USING GEOPHYSICS AND LUMINESCENCE GEOCHRONOLOGY TO DETERMINE THE AGE AND EXTENT OF THE ADAMS MILL FAULT AT THE SMITHSONIAN NATIONAL ZOOLOGICAL PARK, WASHINGTON, DC

Washington D.C. was built where the Piedmont Plateau and Atlantic coastal plain meet at the fall zone. The region is structurally complex, consisting of deformed crystalline Piedmont rocks and Cretaceous-Pliocene Atlantic Coastal Plain sediments overlain by unconsolidated gravel deposits of the ancestral Anacostia and Potomac Rivers. On the Piedmont at the original entrance of the Smithsonian National Zoological Park, the Adams Mill fault thrusts Cambrian basement over a Potomac River gravel deposit in a roadcut exposure. This exposure, along with faults observed at 18^th and California NW and at Lafayette Square are along the same trend, and two published USGS maps infer they are all on a ~5 km long transfer fault between two, NW striking, parallel features: the Rock Creek Shear Zone in the northwestern half of the city on the Piedmont, and the Stafford Fault System in the southern half of the city on the Atlantic Coastal Plain.

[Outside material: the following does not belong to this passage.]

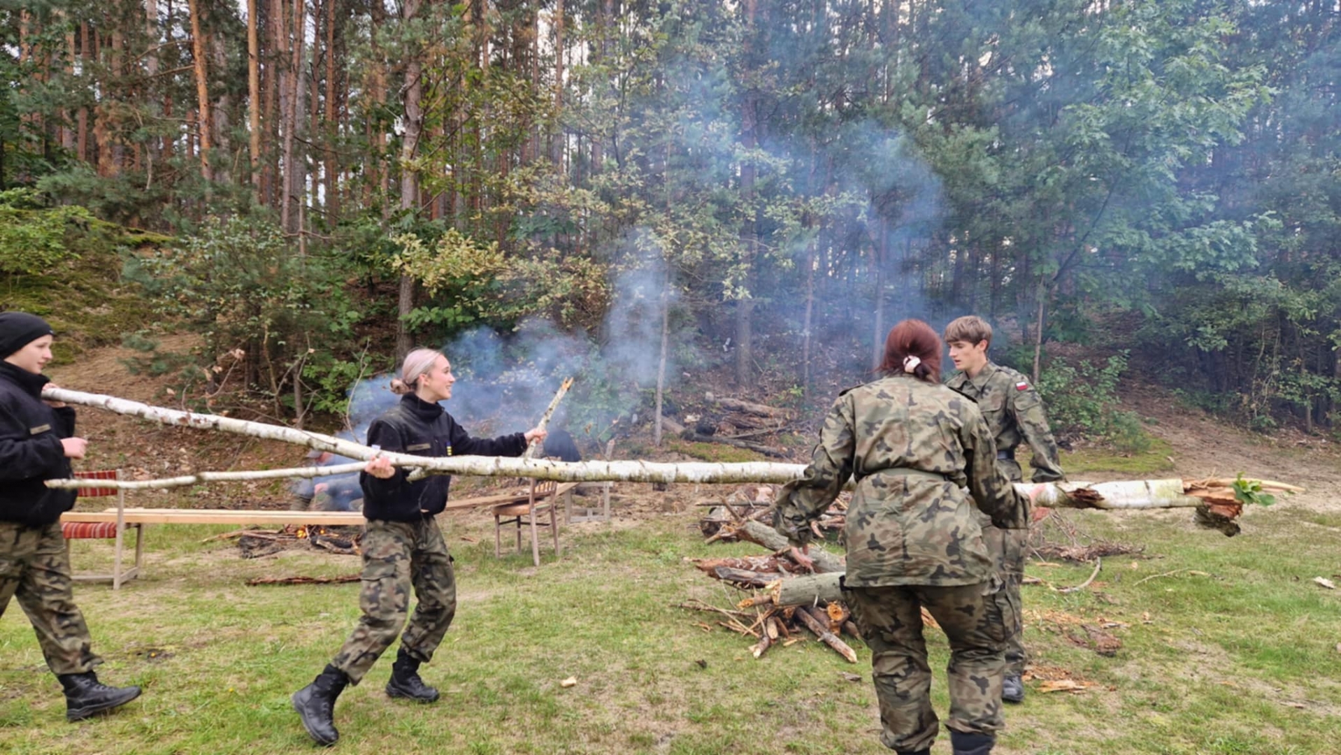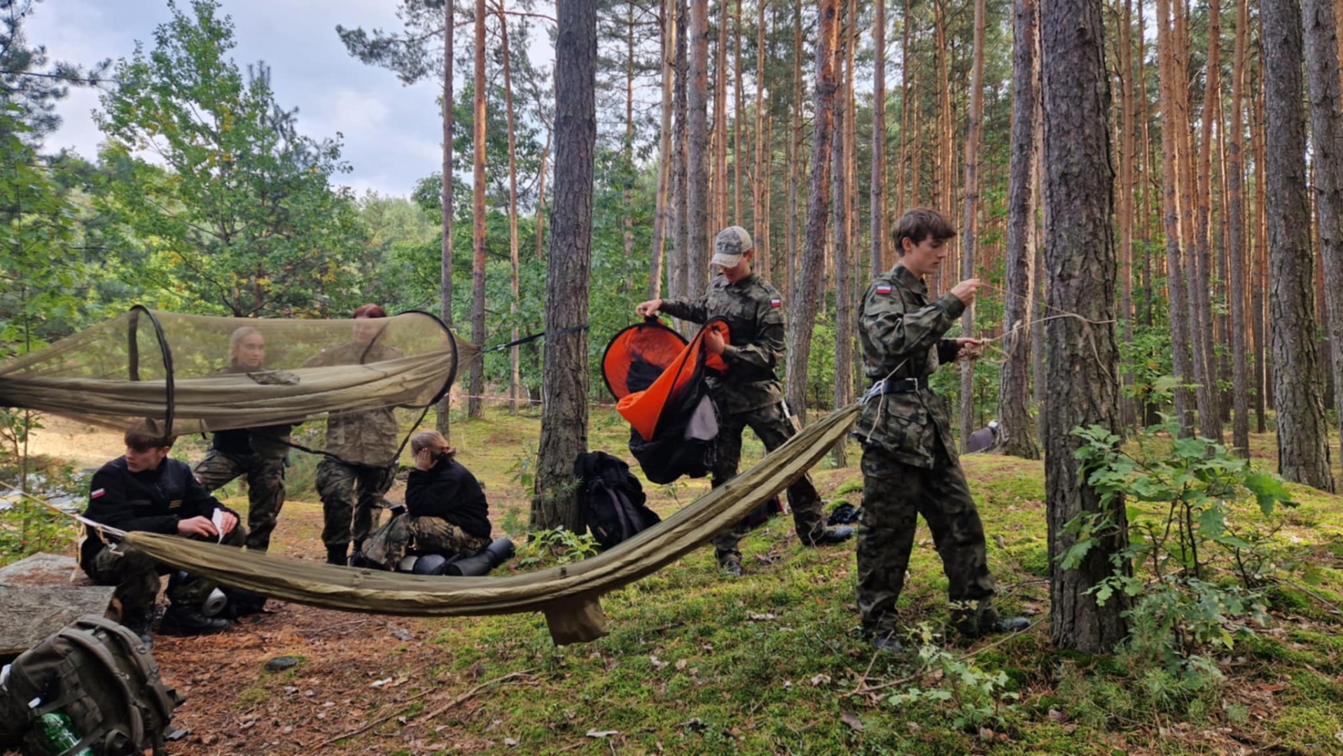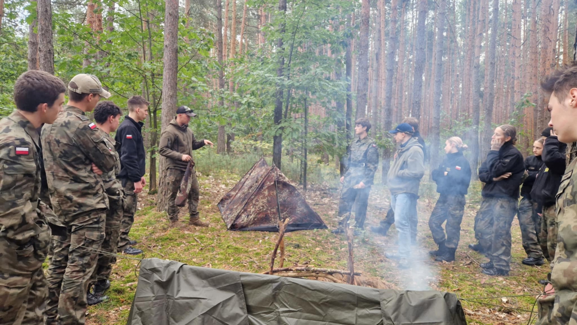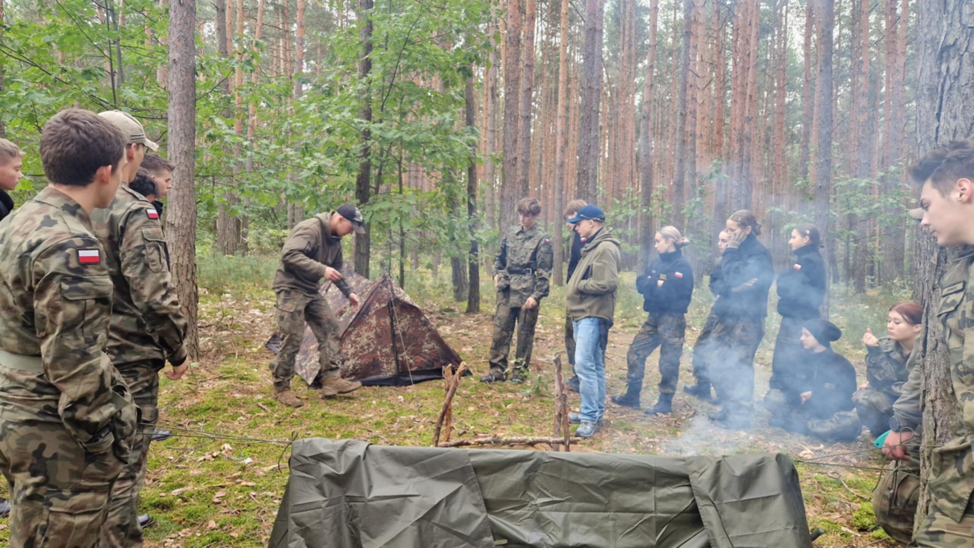 W dniach 3-4 października 2025 roku młodzież III klasy Oddziału Przygotowania Wojskowego uczestniczyła w obozie przetrwania. W programie szkolenia pod kierunkiem instruktorów z jednostki wojskowej XVI Batalionu Powietrzno- Desantowego w Krakowie był marsz kondycyjny z Brzeska do Bielczy 13 km z ekwipunkiem własnym, rozkładanie obozowiska w lesie, rozpalanie ognia za pomocą krzesiwa, z podtrzymaniem całonocnym ognia i pełnieniem warty. Tematyka zajęć zawierała również zasady udzielania pomocy medycznej na polu walki, zapoznanie z ekwipunkiem własnym żołnierza z kamizelką taktyczną, naukę posługiwania się aparatem noktowizyjnym z obserwacją terenu w ciemności. Elementy survivalu, które uczniowie musieli przyswoić to przygotowanie posłania z wykorzystaniem tarp, plandek i pałatek stanowiących prowizoryczne schronienie, z przygotowaniem podłoża z podściółki leśnej, liści i mchu. Wyżywienie uczestników stanowiła indywidualna racja żywnościowa żołnierza „S”, a także przygotowany na ogniu posiłek w kociołku. Uzupełnieniem była herbata zaparzona w garnuszku bezpośrednio na ogniu. Ponad 20 godzin spędzonych pod gołym niebem było swoistym egzaminem odporności fizycznej i psychicznej uczestników obozu. Ale „co nas nie złamie, to nas wzmocni”!:) Nas wzmocniło.

Although the region is aseismic, luminescence dating of feldspars in the faulted gravel indicates faulting is younger than ~451 ± 34 ka. This is significant because USGS drilling at Lafayette Square suggests fault slip could be episodic, which would classify the fault as a capable fault according to Nuclear Regulatory Commission guidelines. Additionally, depending on the USGS map, the fault either stops at Pennsylvania Avenue or continues south under the White House and Washington Monument and joins the Stafford Fault near the Thomas Jefferson Memorial. Geophysical techniques of Electrical Resistivity imaging (ER), ground penetrating radar (GPR), and refraction microtremor seismic (ReMi) were used test the geologic maps and see if the fault could be imaged and located, and to test how these techniques would work in a heavily urbanized environment. The GPR and ERT surveys at the National Zoo and Washington Monument clearly show the fault in multiple east-to west profiles. GPR and ER at the zoo also show the fault, which is visible in a roadcut. ReMi data are still being processed.

Mapping the extent of the Adams Mill fault is significant for seismic hazard and risk assessments. The 2011 M_w 5.8 Mineral, Virginia earthquake demonstrated how well seismic energy can be transmitted along faults at depth and how seismic energy is amplified through the unconsolidated sediments of the Atlantic coastal plain.